História[editar | editar código-fonte]

Cronologia do movimento estudantil brasileiro

O primeiro registro do movimento estudantil brasileiro data de 1710, quando soldados franceses invadiram o território brasileiro, na época pertencente à Portugal. Os soldados do francês Jean-François Duclerc foram expulsos da cidade do Rio de Janeiro por milhares de estudantes de conventos e escolas religiosas da cidade, que os enfrentaram.[1]

De forma organizada, no entanto, o movimento só nasceu em 1901, com a fundação da Federação dos Estudantes Brasileiros, que teve pouco tempo de duração. Até 1910, o movimento estudantil brasileiro não teve nenhum papel significativo na sociedade brasileira. Nesse ano, o I Congresso Nacional de Estudantes, em São Paulo, foi realizado, culminando com a deliberação para criação de uma União Nacional de Estudantes.[2] Com a Revolução de 1930 no Brasil, os estudantes se organizaram em entidades como a Juventude Comunista, Juventude Integralista, Federação Vermelha dos Estudantes e a União Democrática Estudantil.[2]

Essas organizações aceleraram e aumentaram o desejo pela criação de uma única entidade que representasse os estudantes e a luta por uma sociedade mais justa. Contudo, foi somente em 1937 que, no Rio de Janeiro, a representação máxima dos estudantes foi criada. O nome escolhido foi União Nacional dos Estudantes (UNE), sob a direção de Ana Amélia Queirós Carneiro de Mendonça. A UNE, então, começou a se organizar em congressos anuais, sempre buscando atuar junto à sociedade. Durante a II Guerra Mundial (1939-1945), os estudantes se organizaram e lutaram contra os países do Eixo e pressionaram o então presidente brasileiro Getúlio Vargas a tomar uma posição firme durante a guerra.
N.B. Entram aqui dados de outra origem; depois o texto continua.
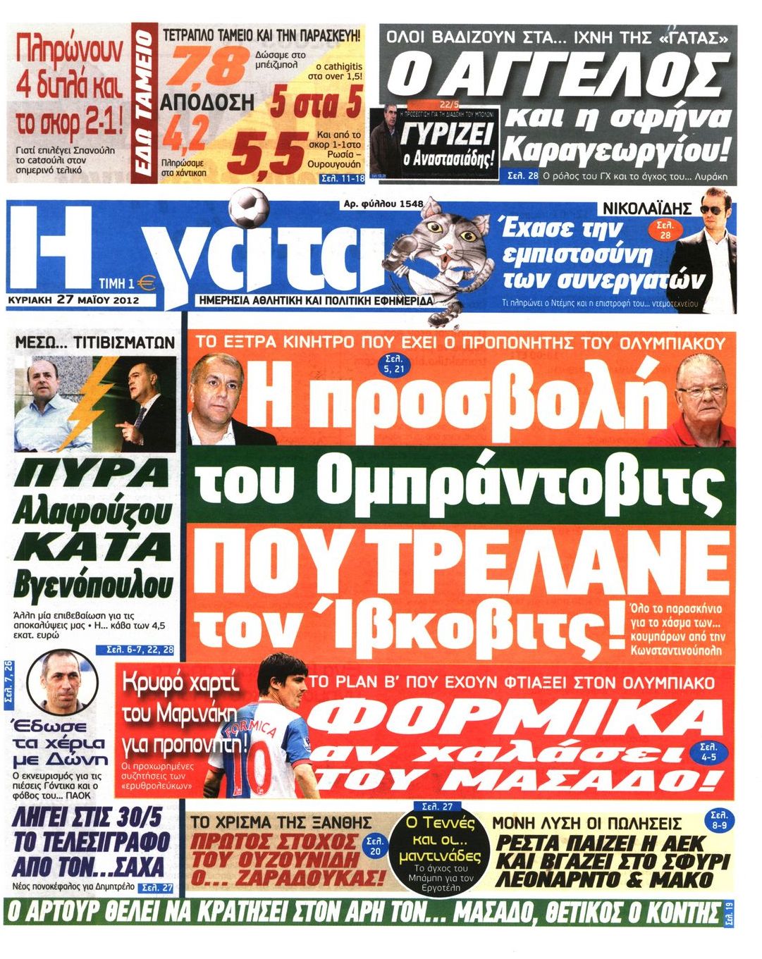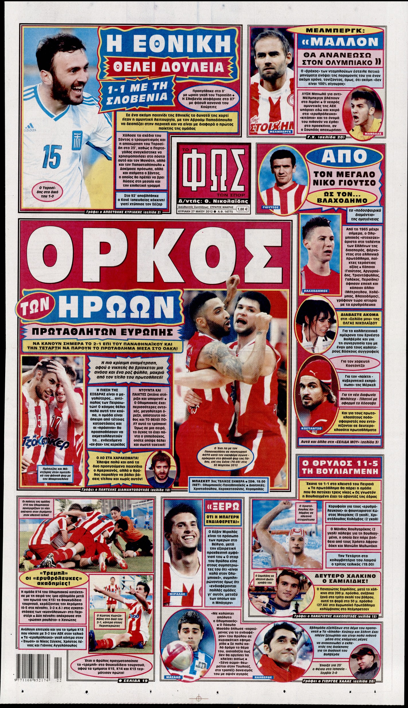 Τα αθλητικά πρωτοσέλιδα Enikos Newsroom 08:40, Κυριακή 27 Μαΐου 2012 Media ΕΦΗΜΕΡΙΔΕΣ ΠΡΩΤΟΣΕΛΙΔΑ Μοιράσου το: σχολίασε κι εσύ (0 σχόλια) Ακολουθήστε το enikos.gr στο Google News και μάθετε πρώτοι όλες τις ειδήσεις Δείτε όλες τις τελευταίες ειδήσεις από την Ελλάδα και τον Κόσμο στο enikos.gr Ειδήσεις Ροή Ειδήσεων 1 ώρα πριν Μητσοτάκης για αγρότες: Ελπίζω πως θα απομακρυνθούν σύντομα από τα μπλόκα 3 ώρες πριν Έρευνα MRB: Η πρόθεση ψήφου και τα σημαντικότερα προβλήματα – Οι «λέξεις» που εκφράζουν τους πολίτες 21 λεπτά πριν Αγρότες: Επ’ αόριστον μπλόκο στον σταθμό στον Προμαχώνα για τα φορτηγά – Κλείνει το ρεύμα εισόδου στα Μάλγαρα 26 λεπτά πριν Μισέλ Ομπάμα: Εμφανώς αδυνατισμένη στην εκπομπή του Τζίμι Κίμελ – Οι φήμες για τη χρήση Ozempic και η «φιλία» της με τον Ρομπ Ράινερ 3 ώρες πριν Αλαλούμ με τις πληρωμές στους αγρότες: Δεν καταβλήθηκε η Βασική Ενίσχυση, αλλά έγινε παρακράτηση της εισφοράς στον ΕΛΓΑ – Τι απαντά η κυβέρνηση 3 ώρες πριν Τα 4 ζώδια που ξαναβρίσκουν τον εαυτό τους – «Μπαίνετε επιτέλους στην ουσία των πραγμάτων» 4 ώρες πριν 20 χρόνια τα Χριστούγεννα ξεκινούν στα Public με μεγάλη ποικιλία σε δώρα! 2 ώρες πριν «Δεν είχα κλάψει από τότε που διαγνώστηκα με καρκίνο, ώσπου ένα τηλεφώνημα με έκανε να λυγίσω» – Η συγκλονιστική εξομολόγηση ενός άνδρα 1 ώρα πριν Τα 7 σπάνια χαρακτηριστικά που κάνουν κάποιους ανθρώπους ακαταμάχητους 4 λεπτά πριν Ο Δημήτρης Μαύρος στον Realfm 97,8 για τις τάσεις της MRB 9 λεπτά πριν Αγρίνιο: Στο νοσοκομείο 9χρονος που έλαβε φάρμακο σε challenge με συμμαθητή του 15 λεπτά πριν Λευκορωσία: «Ο πόλεμος στην Ουκρανία πρέπει να σταματήσει», λέει ο Λουκασένκο – «Πολλά εξαρτώνται από τον Τραμπ» 19 λεπτά πριν Τασούλας σε Μητσοτάκη: Όλα μπορούν να λυθούν εν πολλοίς όχι συγκρουσιακά αλλά με διαδικασίες καταλλαγής και διαλόγου 21 λεπτά πριν Αγρότες: Επ’ αόριστον μπλόκο στον σταθμό στον Προμαχώνα για τα φορτηγά – Κλείνει το ρεύμα εισόδου στα Μάλγαρα ENIKOS NETWORK Ανησυχητική αύξηση της υπέρτασης στα παιδιά – Πώς θα τα προστατέψουμε; Αδενώματα Υπόφυσης: Μια πάθηση καλοήθης, αλλά όχι αθώα Διευκρινίσεις από το ΥΠΑΑΤ και τον ΟΠΕΚΕΠΕ για την εξόφληση της βασικής ενίσχυσης στους αγρότες Προϋπολογισμός: Στα 12,6 δισ. ευρώ το πρωτογενές πλεόνασμα το 11μηνο-Δείτε αναλυτικά τα στοιχεία Σύγχρονος Νοστράδαμος: Προειδοποιεί για «μεγάλο γεγονός» τους επόμενους μήνες που θα συγκλονίσει τη Βρετανία και τον κόσμο Τεστ παρατηρητικότητας: Μπορείτε να βρείτε τις 3 διαφορές στις εικόνες με έναν πιγκουίνο σε 14 δευτερόλεπτα περισσότερα 12:35 , Τετάρτη 17 Δεκεμβρίου 2025 Μίρκα Παπακωνσταντίνου: «Δεν ήμουν αισιόδοξη για τα νούμερα – Είμαι ρεαλίστρια» Στα γυρίσματα του εορταστικού επεισοδίου της αγαπημένης σειράς “Το Σόι Σου”, βρέθηκε η κάμερα ... 12:12 , Τετάρτη 17 Δεκεμβρίου 2025 Ακούστε την εκπομπή του Νίκου Χατζηνικολάου 17/12/2025 Ακούστε την εκπομπή του Νίκου Χατζηνικολάου στον ραδιοφωνικό σταθμό RealFm 97,8, την Τετάρτη 1... 11:35 , Τετάρτη 17 Δεκεμβρίου 2025 Home Alone: Το σπίτι της ταινίας θα ανακαινιστεί – Επιστροφή στην αισθητική της δεκαετίας του ’90 Οι νέοι ιδιοκτήτες του πραγματικού σπιτιού που παρουσιάζεται στην κλασική ταινία του 1990 «Hom... 11:25 , Τετάρτη 17 Δεκεμβρίου 2025 Grand Hotel: Απόψε το τελευταίο επεισόδιο της χρονιάς – Όλα τα μυστικά μένουν εδώ Το τελευταίο επεισόδιο της χρονιάς της σειράς «Grand Hotel» θα προβληθεί απόψε στις 21:00. Ο Ά... ΤΕΛΕΥΤΑΙΕΣ ΕΙΔΗΣΕΙΣ 4 λεπτά πριν Ο Δημήτρης Μαύρος στον Realfm 97,8 για τις τάσεις της MRB

O Clube Germânia, principal reduto dos militantes nazifascistas na cidade do Rio de Janeiro,[3] foi ocupado pelos estudantes em 1942, resultando na posterior concessão pelo governo brasileiro do prédio para que se tornasse a sede da UNE. No mesmo ano, a entidade foi reconhecida pelo decreto-lei 4 080 como entidade representativa dos universitários brasileiros.
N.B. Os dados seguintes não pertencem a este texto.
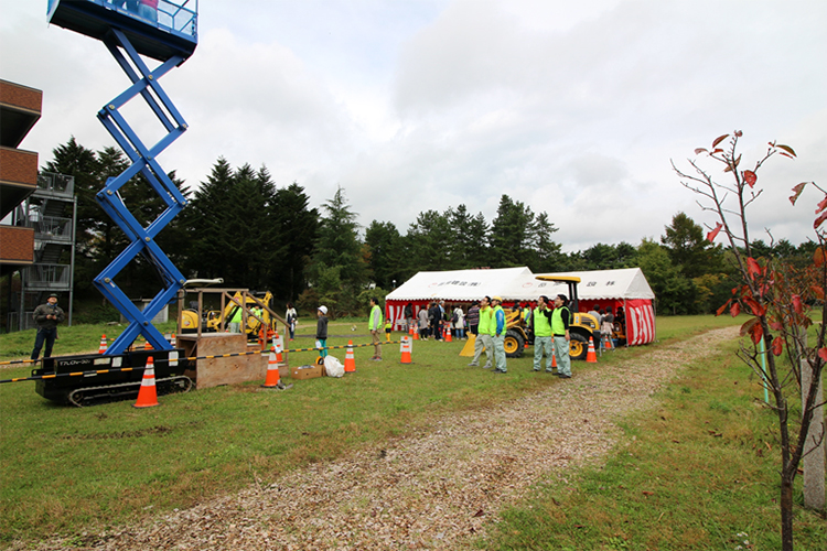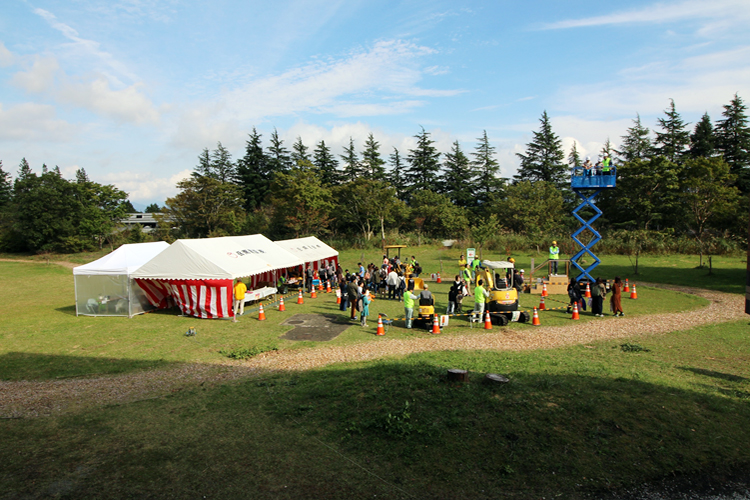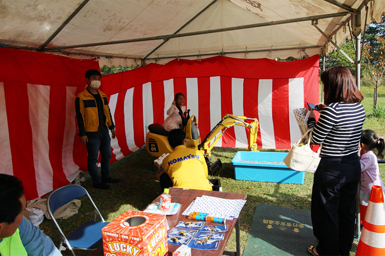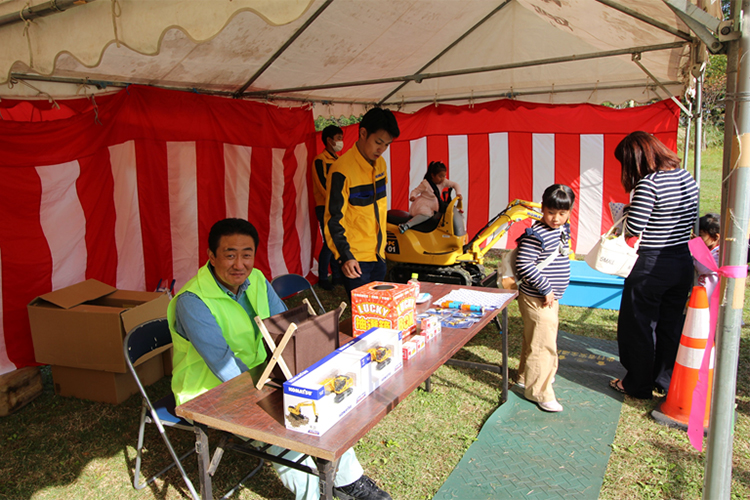 令和元年10月27日(日) 国立中央青少年交流の家のオープンハウスが開催されました。当社は今年も『働く車に乗ろう』に出店いたしまして、多くの家族に来場していただきました。コマツ機械さんと太陽建機御殿場店さんに協力をいただき、工事現場で使用する建設機械を無償で提供していただきました。500組を超える家族に来ていただき、大盛況でした。

Nas décadas seguintes, os estudantes foram protagonistas de marcantes lutas. Na década de 1950, por exemplo, a UNE encabeçou uma campanha nacional pelo monopólio estatal da extração do petróleo em solo brasileiro. A campanha ficou conhecida como "O Petróleo É Nosso". Nos anos antecedentes à ditadura militar brasileira (1964-1985), a entidade intensificou a luta pelas reformas sociais no país, desagradando as camadas mais conservadoras da sociedade, como os militares que se sentiam incomodados com as ações dos estudantes.

Prova disso é a invasão e incêndio à sede da UNE logo após a tomada de poder pelos militares:

Cquote1.svg No dia 1 de Abril de 1964, o golpe militar mostrou, instantaneamente, a sua disposição com os estudantes. Destituído o governo legal, a UNE foi invadida, saqueada e queimada num paroxismo de ódio que escapa ao terreno puramente político para cair na esfera psiquiátrica. Cquote2.svg

[4]

A entidade passou então a agir ilegalmente devido à Lei Suplicy de Lacerda. Isso, entretanto, não para os estudantes que continuavam se reunindo e organizando ações contra a ditadura militar. Em 1966, em Belo Horizonte, por exemplo, ocorreu a passeata dos calouros da Universidade Federal de Minas Gerais. Na época, a polícia foi acionada e a movimentação violentamente reprimida. Isso resultou na passeata do silêncio e na greve geral dos estudantes, que também acabou em repressão por parte do regime. Essas passeatas acabaram tendo um efeito na sociedade, como relata Poerner:[5]

Cquote1.svg As passeatas irritaram o governo e reanimaram a oposição, à medida que ampliavam o movimento estudantil, mobilizando-o, também para invasão dos restaurantes universitários, arbitrariamente fechados, e para as greves contra o pagamento de anuidades. Aos cartazes estudantis de Abaixo a ditadura, Viva a soberania nacional, Povo sim, ditadura não, Abaixo o imperialismo, O voto é do povo e Se são fortes, abram as urnas, bem como o Hino Nacional – entoado em todas as passeatas -, o povo reagia, invariavelmente, com aplausos e chuvas de papel picado do alto dos edifícios. Cquote2.svg

[6]

A repressão ao movimento estudantil continuou com mais frequência e mais violência. Estudantes foram mortos, torturados e feridos em vários confrontos com os militares. Em um destes, o jovem estudante secundarista Edson Luís foi morto a tiros pela polícia. O ato causou revolta, e mais protestos contra a ditadura eclodiu pelo país. Esse fato também marcou a mudança na postura do movimento estudantil brasileiro, que passou a se utilizar de violência para enfrentar a violência dos militares.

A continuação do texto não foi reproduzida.